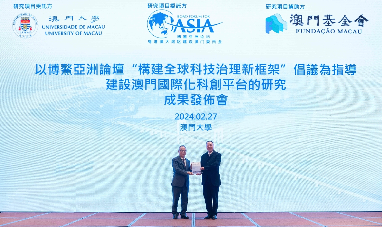 “以博鳌亚洲论坛‘构建全球科技治理新框架’倡议为指导建设澳门国际化科创平台的研究”成果发布会今(27)日在澳大举行。该研究项目受博鳌亚洲论坛粤港澳大湾区建设澳门委员会委托,在澳门基金会的资助下,由澳大研究团队完成,并获博鳌亚洲论坛研究院高度评价。
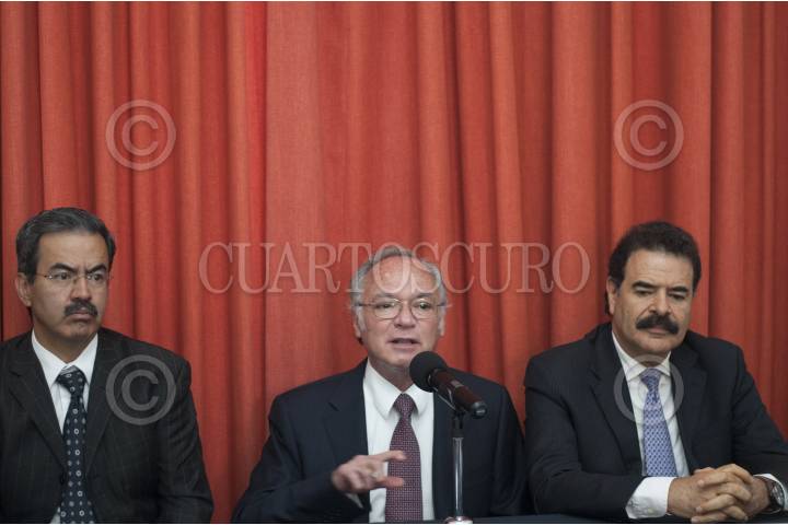 MÉXICO, D.F., 28AGOSTO2014.- Marco Antonio Calva, del Sindicato Nacional de Trabajadores de Transportes, Transformaciones, Aviación y Servicios Similares (SNTTTASS), Joaquín Ortega, abogado del caso Mexicana y Rafael Gutiérrez de la Asociación Sindical de Pilotos Aviadores (ASPA), durante la conferencia de prensa donde hablaron sobre el caso de Mexicana de Aviación a cuatro años del cese de vuelos en dicha aerolínea. FOTO: DIEGO SIMÓN SÁNCHEZ /CUARTOSCURO.COM
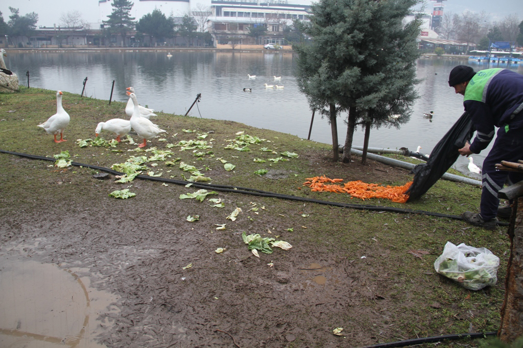 Ekipler, her mevsim kente renk katan fuar alanında bulunan kaz ve ördekleri, havuç, marul ve kuru yemle besledi.
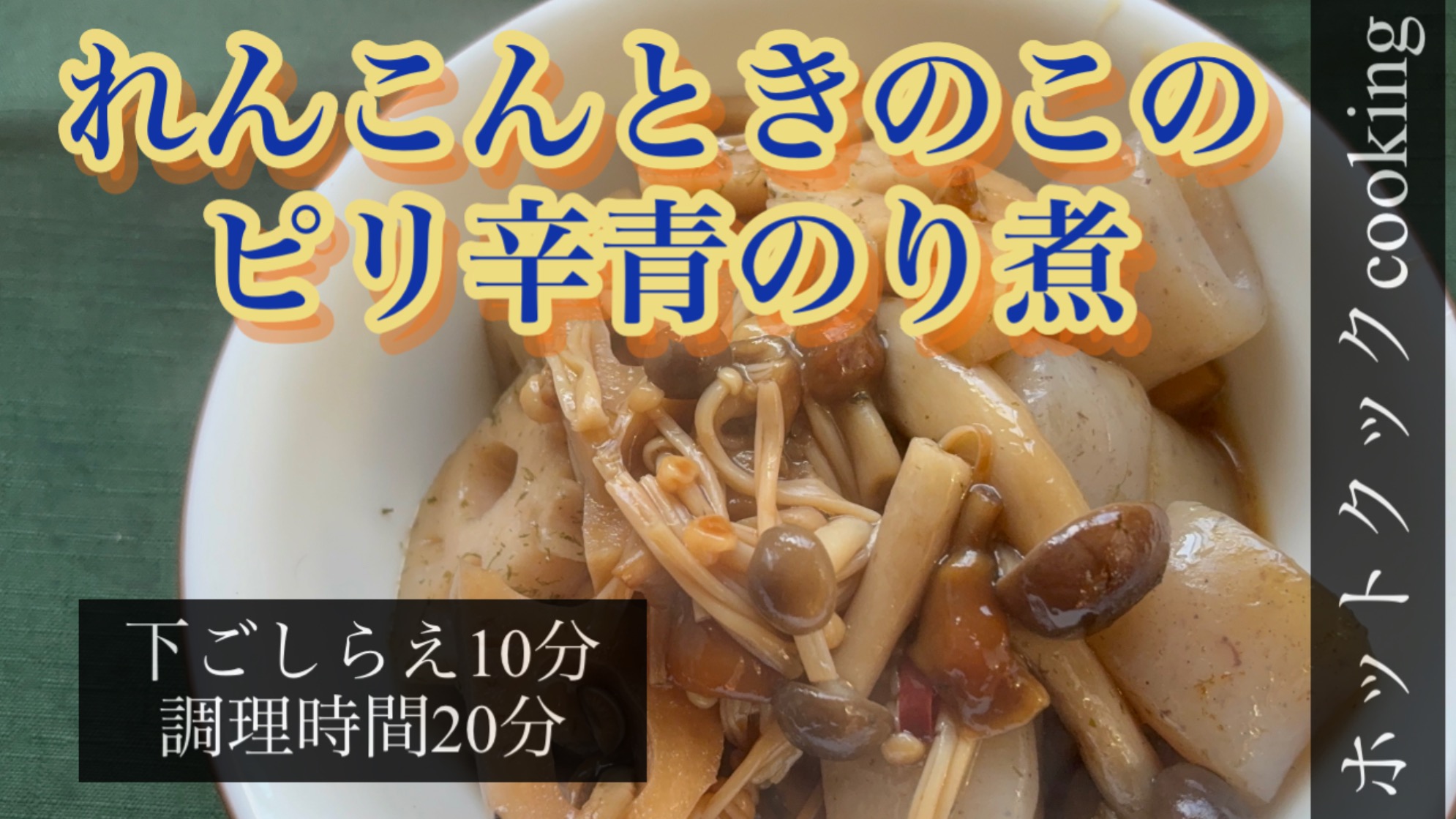「れんこんときのこのピリ辛煮」は、れんこんの歯ごたえときのこの旨味が主役の、やみつきになるおかずです。ピリッとした辛さが後を引き、冷めてもおいしく楽しめます。青のりを加えることで香りと彩りが増し、普段の食卓にもおつまみにもぴったりの一品です。

> Work instruction
The listing above, line by line: print it exactly, but not its pictures.

> Reply
 “以博鳌亚洲论坛‘构建全球科技治理新框架’倡议为指导建设澳门国际化科创平台的研究”成果发布会今(27)日在澳大举行。该研究项目受博鳌亚洲论坛粤港澳大湾区建设澳门委员会委托,在澳门基金会的资助下,由澳大研究团队完成,并获博鳌亚洲论坛研究院高度评价。
 MÉXICO, D.F., 28AGOSTO2014.- Marco Antonio Calva, del Sindicato Nacional de Trabajadores de Transportes, Transformaciones, Aviación y Servicios Similares (SNTTTASS), Joaquín Ortega, abogado del caso Mexicana y Rafael Gutiérrez de la Asociación Sindical de Pilotos Aviadores (ASPA), durante la conferencia de prensa donde hablaron sobre el caso de Mexicana de Aviación a cuatro años del cese de vuelos en dicha aerolínea. FOTO: DIEGO SIMÓN SÁNCHEZ /CUARTOSCURO.COM
 Ekipler, her mevsim kente renk katan fuar alanında bulunan kaz ve ördekleri, havuç, marul ve kuru yemle besledi.
「れんこんときのこのピリ辛煮」は、れんこんの歯ごたえときのこの旨味が主役の、やみつきになるおかずです。ピリッとした辛さが後を引き、冷めてもおいしく楽しめます。青のりを加えることで香りと彩りが増し、普段の食卓にもおつまみにもぴったりの一品です。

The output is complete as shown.